End Indefinite Detention!
‘ “I don’t know when I’m going to get back to my life. Could be any time, could be five years. We don’t know. That’s what’s killing us here. I want my freedom back,” said Ahmad, Iran, detained for over a year. People are detained without any time limit. More and more people are being detained for years. The UK is the only country in the European Union which does not have a time limit on depriving people of their freedom.
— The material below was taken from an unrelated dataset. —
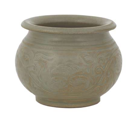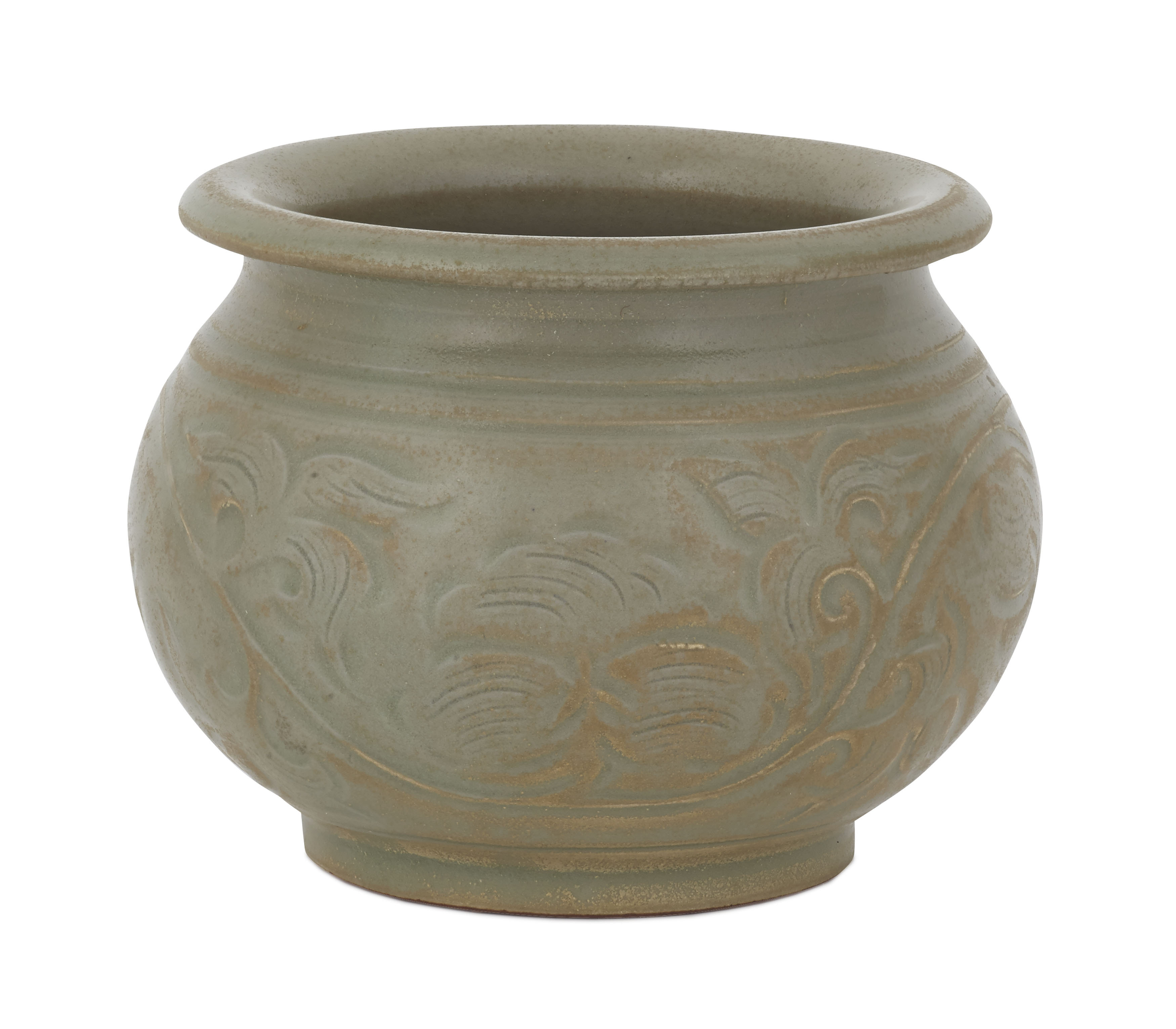 of short bulbous form with an everted rim, with carved decoration of a flowering vine
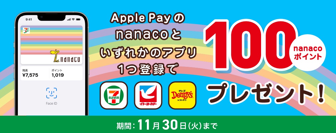 合わせてApple Payにてnanacoを登録(新規発行または既存の磁気カードから読み取り)し、セブン‐イレブンアプリまたはイトーヨーカドーアプリ、デニーズアプリのうちいずれか1つのアプリにApple Payに登録したnanaco番号を新たに登録(または変更)すると100ポイントがもらえるキャンペーンを実施しています。期間は2021年11月30日(火)まで。

”People are detained for a very long time by the UK Border Agency when they cannot return to countries like Zimbabwe or Somalia because they are too dangerous. Others cannot be deported because they do not have a passport and their Embassy refuses to allow them to return. People are not able to leave Britain but instead of being released, they are kept in detention indefinitely.
‘Most people find long-term detention intensely traumatic. Not knowing when you will be free is damaging to mental health. People who have been tortured or imprisoned in their home countries are particularly scarred by long-term detention. We are calling on the government to introduce a time limit on detention. Take action with us to end indefinite detention.’